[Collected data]
• • • • •
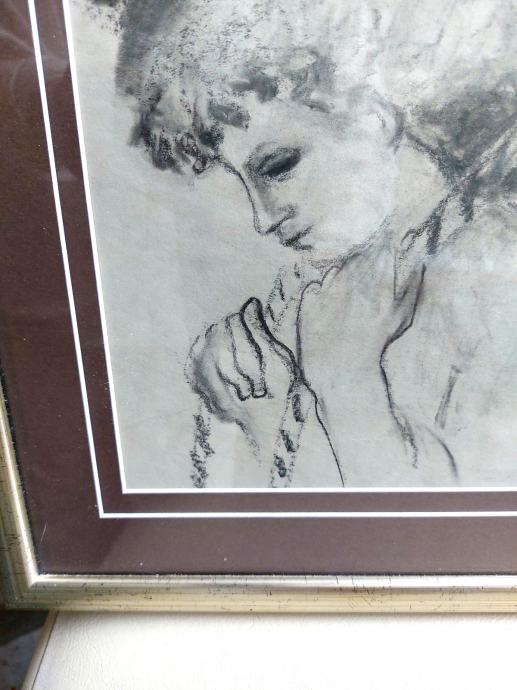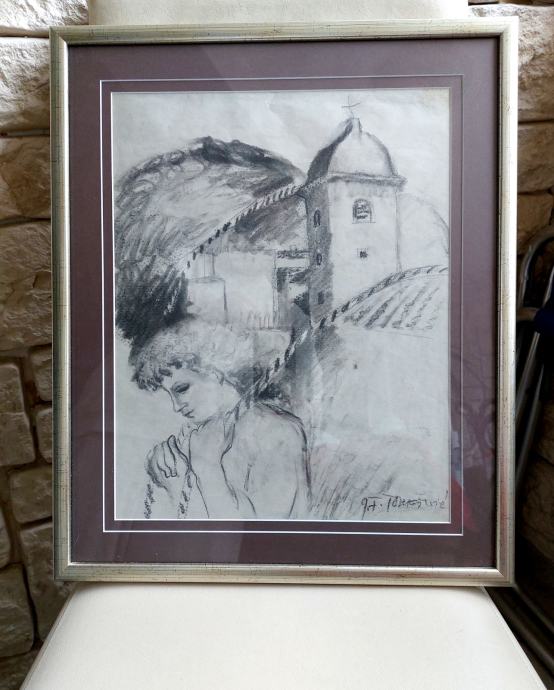 Ovaj prekrasni crtež pokojne splitske slikarice i grafičarke dolazi u novom okviru, pod staklom, spreman za postavljanje na zid.
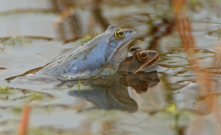 If you pass through a water-rich flat landscape in Europe at the end of March or beginning of April, you have the chance to observe a unique miracle: in some areas, the brown male moor frogs turn blue during the spawning season.
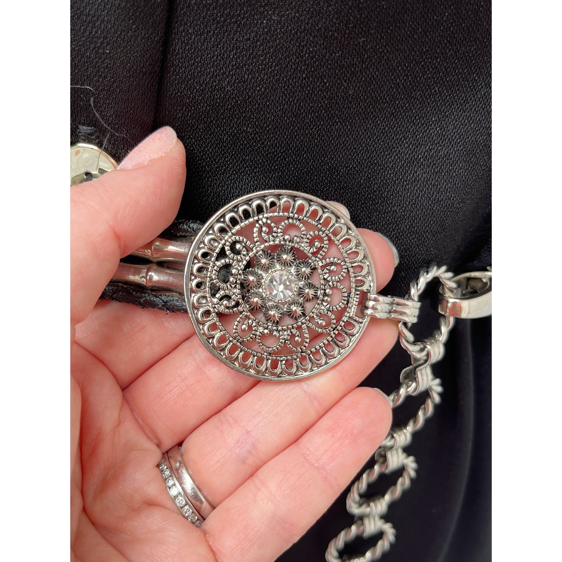 Silver Tone Bamboo and Rhinestone Disc Faux Leather Belt.
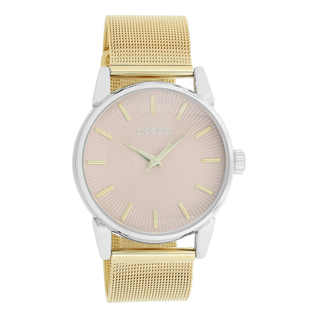 Silver coloured OOZOO watch with gold coloured metal mesh bracelet - C9546
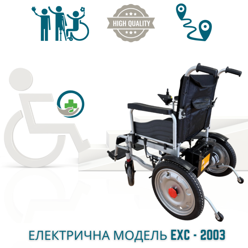 EXC-2003 — це надійна й універсальна інвалідна коляска, призначена для повсякденного використання та забезпечення свободи пересування на різних типах місцевості. Зручний складний візок має електрокерування. Він обладнаний комфортним сидінням, спинкою та підніжками (поворотні). Візок має інтуїтивно зрозумілий і легко доступний пульт керування для регулювання швидкості та інших параметрів.
• • • • •
* Goal of the exercise *
From the line containing "Silver Tone Bamboo" to the last line of the records above, return each line exactly, both ends included, and nothing more. Leave out the pictures.

* Response *
 Silver Tone Bamboo and Rhinestone Disc Faux Leather Belt.
 Silver coloured OOZOO watch with gold coloured metal mesh bracelet - C9546
 EXC-2003 — це надійна й універсальна інвалідна коляска, призначена для повсякденного використання та забезпечення свободи пересування на різних типах місцевості. Зручний складний візок має електрокерування. Він обладнаний комфортним сидінням, спинкою та підніжками (поворотні). Візок має інтуїтивно зрозумілий і легко доступний пульт керування для регулювання швидкості та інших параметрів.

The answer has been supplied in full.